In a data.frame
, I have a categorical variable for the language of a text. But, while most texts are only in one language, some have multiple languages. In my data, they appear in the same column, divided by comas:
text = c("Text1", "Text2", "Text3")
lang = c("fr", "en", "fr,en")
d = data.frame(text, lang)
Visually:
text lang
1 Text1 fr
2 Text2 en
3 Text3 fr,en
I'd like to plot the number of texts in each language, with Text3 being counted both in fr
and in en
.
I found how to split, with:
d$lang <- strsplit(d$lang, ",")
But then I can't find a way to plot it correctly, e.g. with a qplot
barplot like this one:
qplot(lang, data=d)
Am I doing it right? Is there a better approach?
You could try:
library(splitstackshape)
dl <- cSplit(d, "lang", ",", "long")
qplot(lang, data = dl)
Without following the suggestion in user20650's comment, you probably won't be able to get away without restructuring your data, and how you do that cannot be blind to the way the data is arbitrarily stored. For example, if you know that the languages are represented by distinct, two-character strings (so that, for example, any language representation that isn't "fr" does not contain the sequence "fr"), you could create new boolean columns based on searches for the codes in the comma-separated representation. For example:
# Data
text = c("Text1", "Text2", "Text3", "Text4", "Text5")
lang = c("fr", "en", "fr,en", "sp,fr", "sp,fr,en")
d = data.frame(text, lang, stringsAsFactors = FALSE)
# Get a vector of the languages that exist
languages <- unique(unlist(strsplit(d$lang, ",")))

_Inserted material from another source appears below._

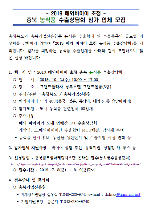| 2019 해외 바이어초청 충북 농식품 수출상담회 참가업체 모집 | |||||
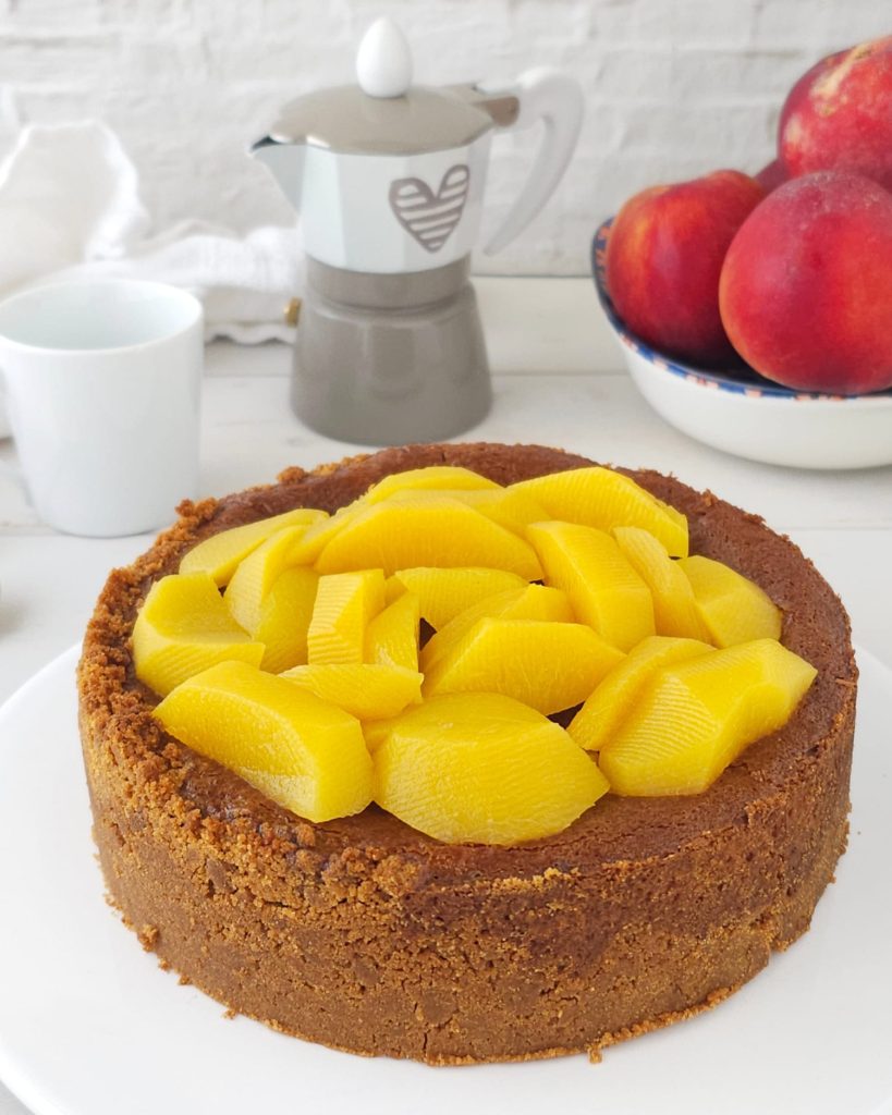 A cheesecake assada de pêssego pode ser conservada na geladeira por alguns dias. Se você quiser usar Philadelphia, pode fazer isso e omitir o mascarpone. Se não gostar dos biscoitos Digestive para a base da cheesecake, você pode usar tranquilamente biscoitos secos, mas terá que usar uma quantidade maior de manteiga derretida.

# Create a new column for each language
for (language in languages) d[[language]] <- grepl(language, d$lang)
# An example bar-plot
barplot(colSums(d[, -c(1, 2)]))
Consider tidyr::separate()
to split and tidyr::gather()
to make it long.
library(magrittr)
ceiling <- 2L #The max language count of any single text
language_positions <- paste0("language_", seq_len(ceiling))
d %>%
tidyr::separate("lang", language_positions, sep=",", extra="merge") %>%
tidyr::gather_("ordinal", "language_name", language_positions) %>%
dplyr::filter(!is.na(language_name))
The resulting long dataset is:
text ordinal language_name
1 Text1 language_1 fr
2 Text2 language_1 en
3 Text3 language_1 fr
4 Text3 language_2 en
If you want to break it into two smaller steps. The separate()
creates a wide dataset,
> d_wide <- d %>%
+ tidyr::separate_("lang", language_positions, sep=",", extra="merge")
> d_wide
text language_1 language_2
1 Text1 fr <NA>
2 Text2 en <NA>
3 Text3 fr en
...and then gather()
converts it to tall.
d_long <- d_wide %>%
tidyr::gather_("ordinal", "language_name", language_positions) %>%
dplyr::filter(!is.na(language_name))
For other reasons, I suggest adding , stringsAsFactors=F
when you define d
, but tidyr
's separate functions don't seem to mind. The qplot call can remain the same: qplot(language_name, data=d_long)
.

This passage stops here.